→ **What the task asks**
For the records below, please print exactly and only the lines from the one with "NCM523 材料的再生机制。并使用了一系列的原位(TEM、SEM、同步辐射 XPS)、非原位(TEM" down to the one with "ウイスキー館では、日本のウイ", both ends included, omitting the pictures.
══ Exercise data ══
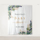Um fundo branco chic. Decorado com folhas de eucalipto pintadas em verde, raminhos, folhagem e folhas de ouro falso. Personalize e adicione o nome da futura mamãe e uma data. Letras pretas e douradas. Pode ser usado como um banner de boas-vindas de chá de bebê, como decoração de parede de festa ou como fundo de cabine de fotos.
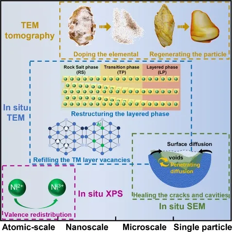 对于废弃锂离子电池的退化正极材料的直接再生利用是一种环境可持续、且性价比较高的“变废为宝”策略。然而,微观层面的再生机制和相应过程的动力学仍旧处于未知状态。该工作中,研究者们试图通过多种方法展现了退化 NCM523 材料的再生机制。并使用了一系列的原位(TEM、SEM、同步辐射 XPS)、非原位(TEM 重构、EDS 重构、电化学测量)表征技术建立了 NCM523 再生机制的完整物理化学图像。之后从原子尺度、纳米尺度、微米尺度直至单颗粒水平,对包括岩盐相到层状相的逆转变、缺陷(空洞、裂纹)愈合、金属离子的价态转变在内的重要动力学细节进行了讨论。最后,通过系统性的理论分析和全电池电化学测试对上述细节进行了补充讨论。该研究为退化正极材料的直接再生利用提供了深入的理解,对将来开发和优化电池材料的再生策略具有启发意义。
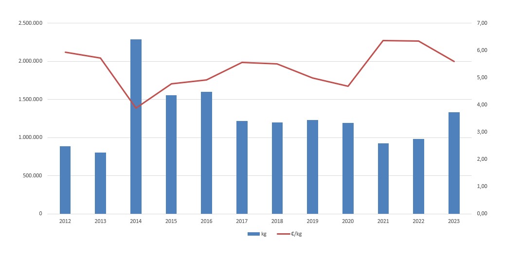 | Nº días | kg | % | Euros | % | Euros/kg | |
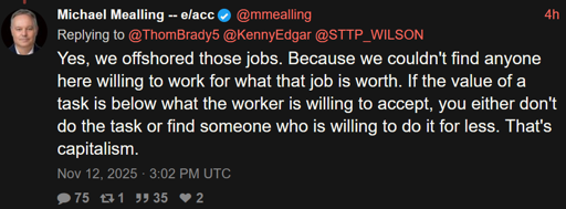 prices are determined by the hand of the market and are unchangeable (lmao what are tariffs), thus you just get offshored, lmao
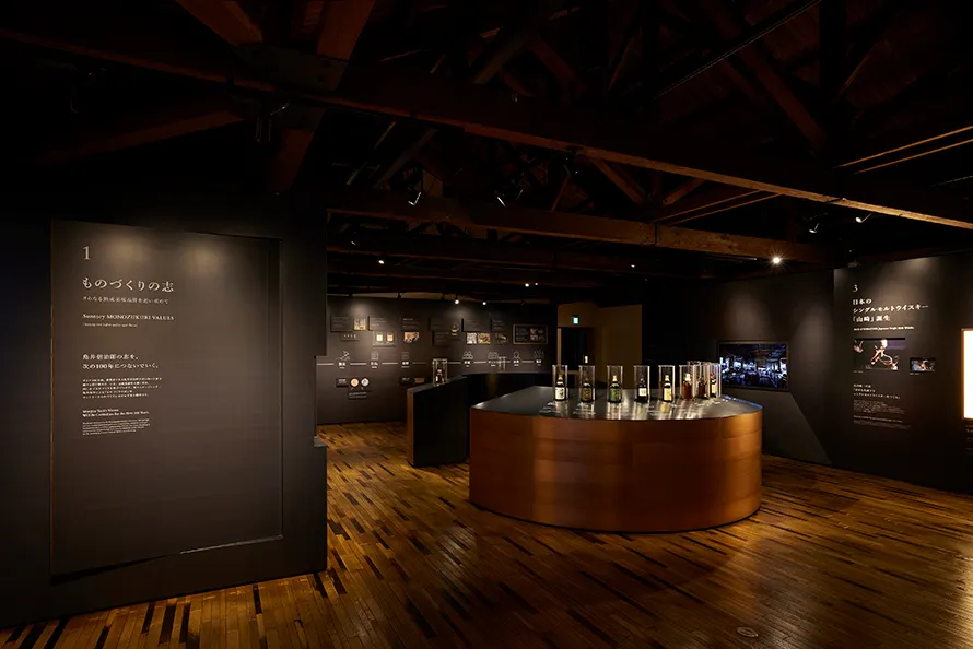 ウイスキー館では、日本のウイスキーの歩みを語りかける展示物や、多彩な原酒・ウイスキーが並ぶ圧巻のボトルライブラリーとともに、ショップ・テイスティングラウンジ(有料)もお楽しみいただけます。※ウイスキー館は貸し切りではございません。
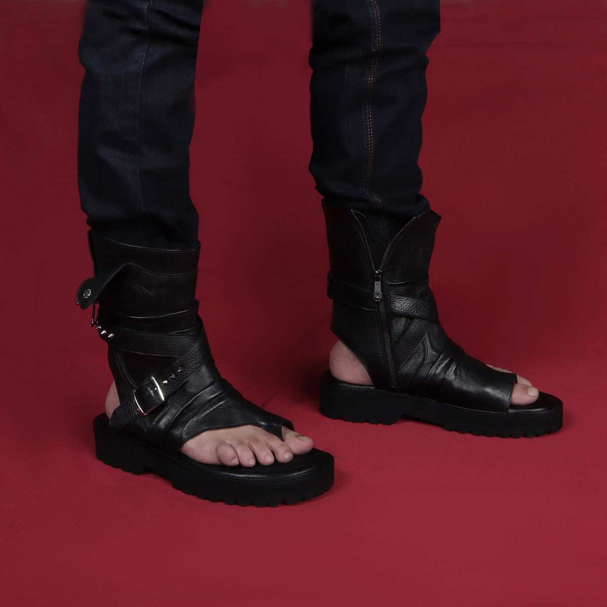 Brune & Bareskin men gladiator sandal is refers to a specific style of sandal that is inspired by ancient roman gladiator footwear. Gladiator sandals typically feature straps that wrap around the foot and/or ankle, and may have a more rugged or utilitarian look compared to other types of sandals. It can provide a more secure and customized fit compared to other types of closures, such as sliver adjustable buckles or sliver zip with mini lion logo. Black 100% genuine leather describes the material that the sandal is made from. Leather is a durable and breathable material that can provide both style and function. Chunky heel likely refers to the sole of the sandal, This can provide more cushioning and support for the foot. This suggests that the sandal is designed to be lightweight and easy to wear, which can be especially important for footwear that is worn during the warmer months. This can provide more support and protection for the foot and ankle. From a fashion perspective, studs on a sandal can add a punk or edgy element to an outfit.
═══
→ **Solution to the exercise**
 对于废弃锂离子电池的退化正极材料的直接再生利用是一种环境可持续、且性价比较高的“变废为宝”策略。然而,微观层面的再生机制和相应过程的动力学仍旧处于未知状态。该工作中,研究者们试图通过多种方法展现了退化 NCM523 材料的再生机制。并使用了一系列的原位(TEM、SEM、同步辐射 XPS)、非原位(TEM 重构、EDS 重构、电化学测量)表征技术建立了 NCM523 再生机制的完整物理化学图像。之后从原子尺度、纳米尺度、微米尺度直至单颗粒水平,对包括岩盐相到层状相的逆转变、缺陷(空洞、裂纹)愈合、金属离子的价态转变在内的重要动力学细节进行了讨论。最后,通过系统性的理论分析和全电池电化学测试对上述细节进行了补充讨论。该研究为退化正极材料的直接再生利用提供了深入的理解,对将来开发和优化电池材料的再生策略具有启发意义。
 | Nº días | kg | % | Euros | % | Euros/kg | |
 prices are determined by the hand of the market and are unchangeable (lmao what are tariffs), thus you just get offshored, lmao
 ウイスキー館では、日本のウイスキーの歩みを語りかける展示物や、多彩な原酒・ウイスキーが並ぶ圧巻のボトルライブラリーとともに、ショップ・テイスティングラウンジ(有料)もお楽しみいただけます。※ウイスキー館は貸し切りではございません。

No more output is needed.